NVIDIA Fermi: Architecture discussion

Actually ECC provides quite a wide range of both correction and detection. Most high end servers for instance are 2b correct, 3b+ detect.
As far as I know ECC (with 72 bit DIMMs) uses a (128,120) extended hamming code which can detect (but not correct) 2 bits of error.
 
Last edited by a moderator:
As far as I know ECC (with 72 bit DIMMs) uses a (128,120) extended hamming code which can detect (but not correct) 2 bits of error.

Agreed. Edit: Nevermind I will check this instead of posting information without checking first (too coding a long time ago :))
 
ECC DIMMs doesn't actually implement any correcting code algorithm, they just provide 1/8 more chips where the memory controller can store extra info, for example, the data for a correcting code algorithm.

Opterons used to implement a BCH code with 4 bit symbols, Istanbul and Nahelem implements BCH code with 8 bit symbols.
 
I don't see why DECTED ECC wouldn't be possible with a different hamming code or bch code - aaronspink did say this was for high-end systems (==mainframes?).
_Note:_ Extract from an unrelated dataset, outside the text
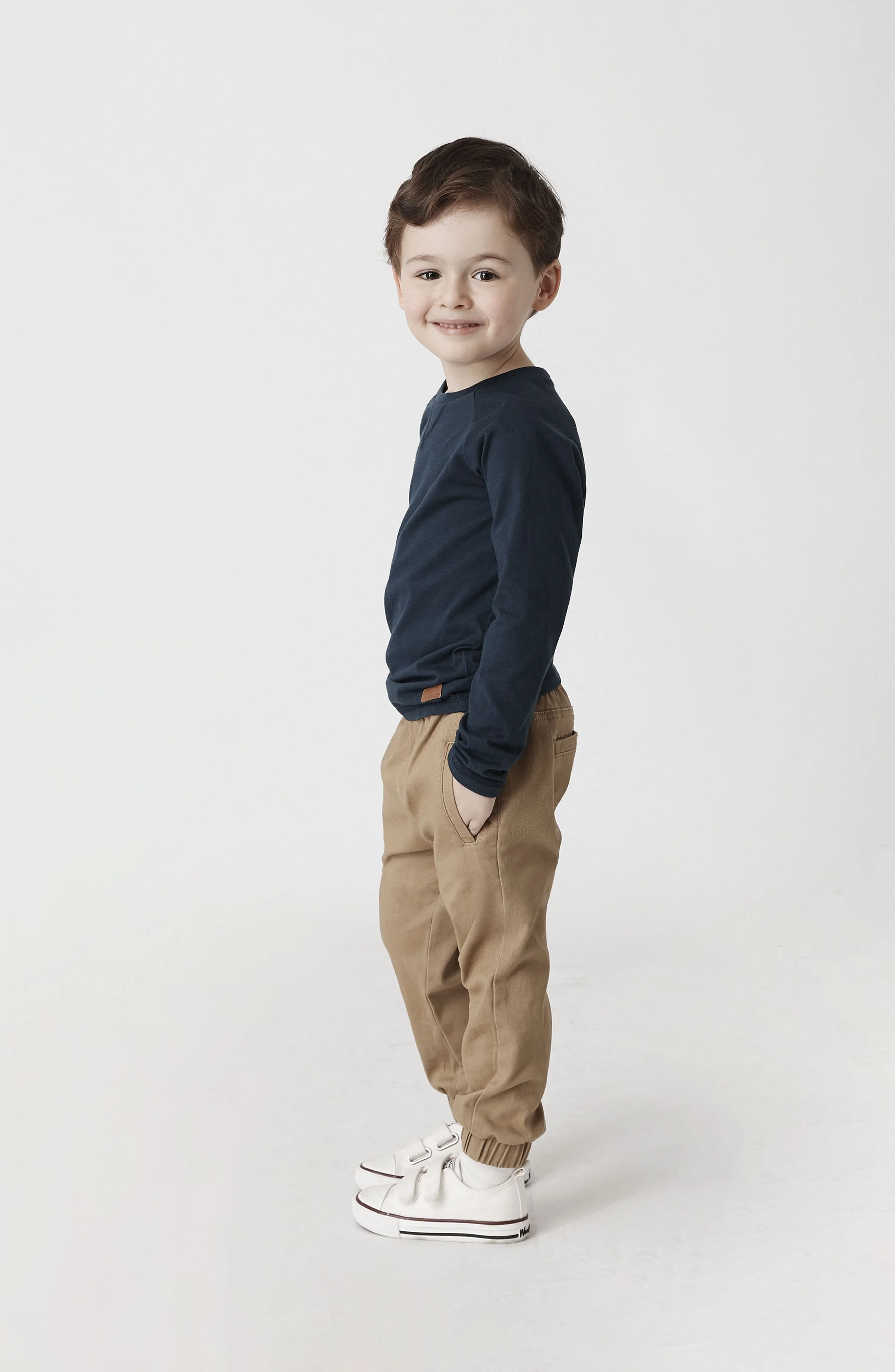 Smiling child in blue top and khaki pants with hands in pockets, standing sideways.

I don't work with anything considered high-end, so I have no idea how widespread usage of DECTED is. Don't these kinds of systems also use chip-kill (to tolerate failures of any single memory chip)? Is that in anyway related to DECTED?
 
IMHO (layman perspective):
Series 6000, Bulldozer or even Larrabee are not the biggest threat for Fermi regarding GPGPU, but Fusion.

Fusion is said to have 480 ALUs and ~1 TFlop SP performance. Therefore the DP speed should be around 200 GFLops. On top, Fusion has access to the complete main RAM and 4 K10.5 cores.

If AMD made no big mistakes and included support for ECC and more than one HT3 interface it should be simple to plug 2 - 4 Fusion on a Server board and voila HPC performance en mass. Bandwidth could be a problem though.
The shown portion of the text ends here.